# Waterproofing cotton/polyester hoodies



## blondieyo (Jun 12, 2011)

Hey guys, so I bought a super thick cotton/poly blend hoodie to ride while boarding here in Aus, because well it doesn't really ever get cold or snow enough to warrant a jacket most days and I don't know about you but I'd rather wear a hoodie than a jacket, have a little more freedom I guess.
Anyway I was looking around on google for a way I could waterproof it even a little to stop it from turning into a wet rag as soon as it touches snow and I found a product Nikwax make called 'Cotton Proof'. I went ahead and bought it after reading up on it a bit (it was only $15 for enough to waterproof two pieces of clothing so I figured why not). I'm heading up to the snow in a week and I'll let you know how it goes but in the mean time I was wondering if anyone has tried this product or something similiar before?


----------



## ETM (Aug 11, 2009)

blondieyo said:


> Hey guys, so I bought a super thick cotton/poly blend hoodie to ride while boarding here in Aus, because well it doesn't really ever get cold or snow enough to warrant a jacket most days and I don't know about you but I'd rather wear a hoodie than a jacket, have a little more freedom I guess.
> Anyway I was looking around on google for a way I could waterproof it even a little to stop it from turning into a wet rag as soon as it touches snow and I found a product Nikwax make called 'Cotton Proof'. I went ahead and bought it after reading up on it a bit (it was only $15 for enough to waterproof two pieces of clothing so I figured why not). I'm heading up to the snow in a week and I'll let you know how it goes but in the mean time I was wondering if anyone has tried this product or something similiar before?

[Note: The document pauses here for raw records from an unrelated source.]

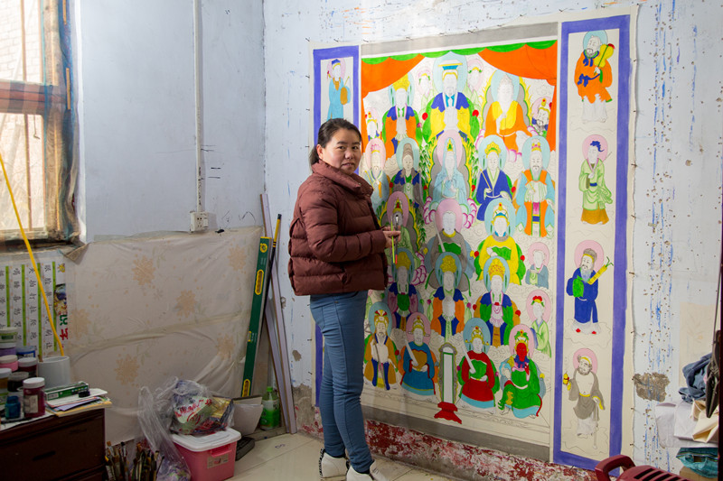 我是濮陽市市級非遺保護(hù)項(xiàng)目宋氏撲灰神像年畫第五代傳承人。由于出生在畫匠世家,我從小耳濡目染,七歲開始學(xué)習(xí)畫畫。一開始,家族手藝是傳男不傳女的,但由于時代的變遷,一些傳統(tǒng)技藝開始衰退、流失,家里人也漸漸改變了觀念。1995年我的爺爺去世后,我便承擔(dān)起傳承手藝的重任。那段時間,我一邊練習(xí)繪畫,一邊了解人類起源的文化解釋等民俗知識,參加附近各地廟會了解民俗民情,還要跟客戶講解撲灰年畫的藝術(shù)淵源、神像類別、有哪些禁忌等。
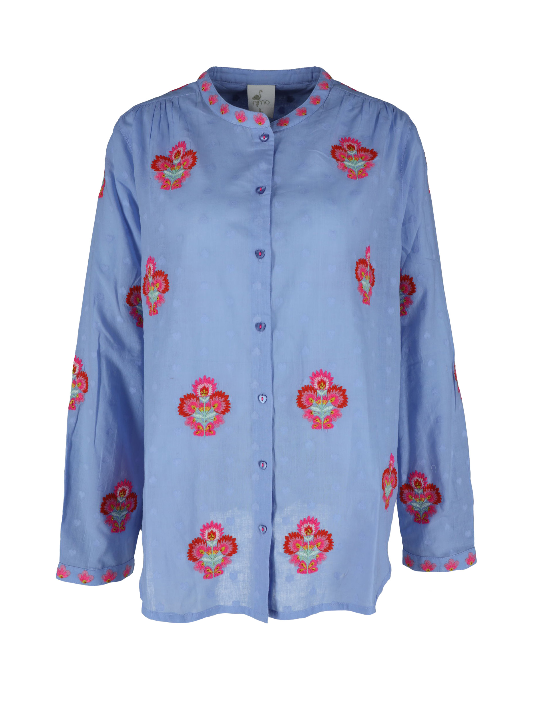 Mit ihrer weiten, fließenden Passform und der vollständigen Knopfleiste ist die Bluse vielseitig kombinierbar – ob offen über einem Top oder geschlossen zur Stoffhose. Der Stehkragen setzt das Dekolleté stilvoll in Szene und wirkt besonders harmonisch in Kombination mit zusammengebundenem Haar und Statement-Accessoires. Die langen Ärmel mit zarten Rüschenabschlüssen verleihen dem Design einen femininen Abschluss.
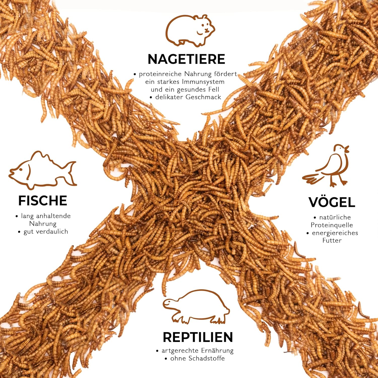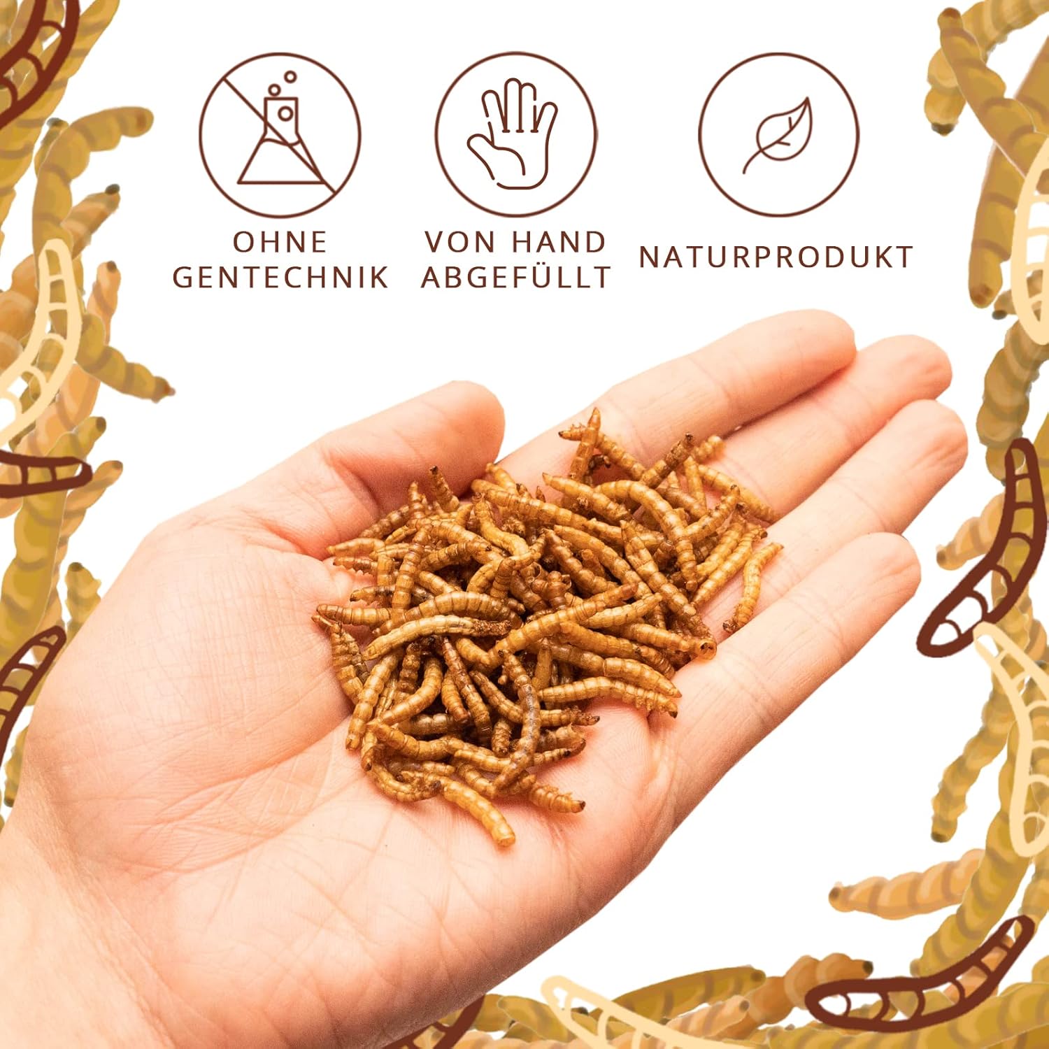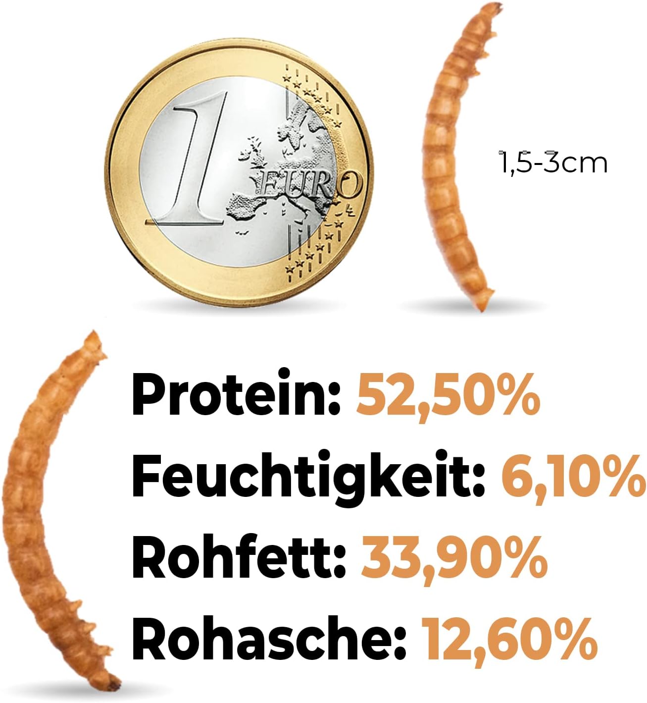 • Процесът на сушене запазва всички ценни протеини и витамини. В комбинация с внимателното ръчно опаковане без счупване, винаги можете да разчитате на качеството на нашите брашнени червеи!

The problem you are going to find is aus snow is wet. Your idea that it doesnt get cold enough to warrant a proper jacket could be argued till the cows come home, it gets cold enough, will often start to rain or sleet and then wind chill is going to wreck your day.
Get a jacket and pull the hoodie out in september.


----------



## blondieyo (Jun 12, 2011)

I've got a jacket don't worry about that, the hoodie is just for warmer bluebird days. I know I could get away with a hoodie that isn't waterproof or anything anyway but i'm hoping this will make it that little bit better.


----------



## ETM (Aug 11, 2009)

blondieyo said:


> I've got a jacket don't worry about that, the hoodie is just for warmer bluebird days. I know I could get away with a hoodie that isn't waterproof or anything anyway but i'm hoping this will make it that little bit better.


On bluebird windless days you will be fine just as long as you dont sweat.


----------



## blondieyo (Jun 12, 2011)

ETM said:


> On bluebird windless days you will be fine just as long as you dont sweat.


I'll try and keep the sweating on lock haha. I was more wondering if anyone had tried anything like this and if it worked at all as it'd be awesome if this kinda thing worked well. I know i'll be fine on a bluebird, if it's going to snow at all i'll be chucking the jacket on instead.


----------



## HoboMaster (May 16, 2010)

I've used a nikwax product before and they do work, it does wear off eventually though. Not sure about cotton though, I've used it on my regular snowboarding jacket/pants/gloves which are older, but made out of appropriate materials.


----------



## snowklinger (Aug 30, 2011)

There are several ways to achieve what you are doing, just understand that it is never a good idea and will never work great. What you are doing would be fine 20 years ago, or even today, if from Texas, all you need for ski pants is scotchgard and your normal tightass dooshbag cowboy jeans. 

But I digress, the point being that while you MAY achieve some level of water-repellancy it is only going to work in 2 possible ways:

1. It will work on a mediocre level for a short period before reapplication is necessary

2. Whatever level it does work on removes breathability and in effect turns your jacket into a plastic bag.

Modern technology gives us lightweight, breathable, waterproof products across a huge range. If you just HAVE to wear your new Justin Bieber hoodie on the slopes, may as well just wear it as is and not get it wet. I mean c'mon, that kind of style comes with a price bro.


----------



## linvillegorge (Jul 6, 2009)

It's cotton. Nothing you can do will help.


----------



## blondieyo (Jun 12, 2011)

Well i'll let you guys know what happens after I get back, I did a little test last night, pouring water from a glass onto it lying flat. It beaded up and when I lifted it up after 30 seconds or so it just rolled off, which is much more than I expected it to do. Also it's a wash through product, no wax or anything like that and it says it's supposed to maintain breathability, if not improve it.
Don't be hating on my 'justin bieber' hoodie (it's actually just a super simple carhartt heavyweight hoodie) it's not like I wouldn't wear it anyway when the conditions were right, there's no harm in seeing how it goes. If this works even a little i'll be cheering because i'd rather ride in a hoodie than a jacket and it'll only make it that much better again anyway.


----------